Fig. 4. Enalapril enhances the effects of 5-FU in suppressing EMT signaling in CRC.

a Western blot analysis of vimentin, E-cadherin, and Snail in CRC cells treated with EP, FU, or E+F. b Immunohistochemical analysis of Vimentin, E-cadherin, and Snail in tumor tissue samples treated with EP, FU, or E+F (n = 5 per group). c The number of positive cells was quantified in ten visual fields at ×400 magnification and the means ± SD are shown in the diagrams. d SW620 cells were scratched with a pipette tip and then treated with EP, FU, or E+F (n = 6 per group).
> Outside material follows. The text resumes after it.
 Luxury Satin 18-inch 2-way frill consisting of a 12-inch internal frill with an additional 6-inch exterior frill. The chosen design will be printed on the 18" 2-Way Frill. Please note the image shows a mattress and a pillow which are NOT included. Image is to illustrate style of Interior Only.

The images were taken 0 and 24 h after wound formation and the percent of wound closure was analyzed. The data are presented as means ± SD from three separate experiments. Statistical analysis performed using two-tailed t-test (**P < 0.01, *P < 0.05).

Fig. 5. Enalapril enhances the efficacy of 5-FU in suppressing the expression of NF-κB/STAT3 and NF-κB/STAT3-regulated proteins in CRC.
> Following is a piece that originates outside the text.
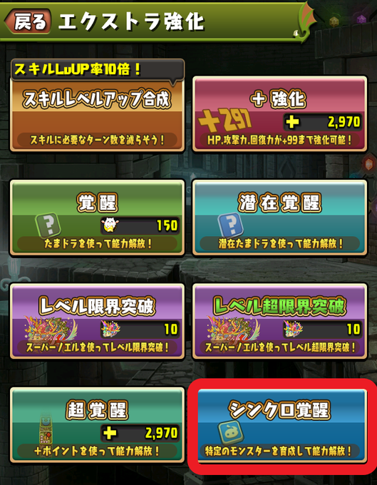エクストラ強化とモンスター強化画面に「シンクロ覚醒」の項目が追加されます!

a SW620 and HCT116 cell lysates were analyzed for p-STAT3, STAT3, p-P65, and P65 by western blotting. b Immunohistochemical analysis of p-STAT3 and p-P65 in tumor tissue samples treated with EP, FU, or E+F (n = 5 per group). The number of positive cells was quantified in ten visual fields at ×400 magnification and the means ± SD are shown in the diagrams. c Representative pictures and immunohistochemical analysis for the expression of STAT3-regulated proteins Cyclin D1, c-Myc, MPP-9, MMP-2, Bcl-2, and XIAP in tumor tissues (n = 5 per group). d The number of positive cells was quantified in ten visual fields at ×400 magnification and the means ± SD are shown in the diagrams. e Western blot analysis for the expression of NF-κB/STAT3-regulated proteins Cyclin D1, c-Myc, MPP-9, MMP-2, Bcl-2, and XIAP in SW620 cells. The data are presented as means ± SD from three separate experiments. Statistical analysis performed using two-tailed t-test (**P < 0.01, *P < 0.05).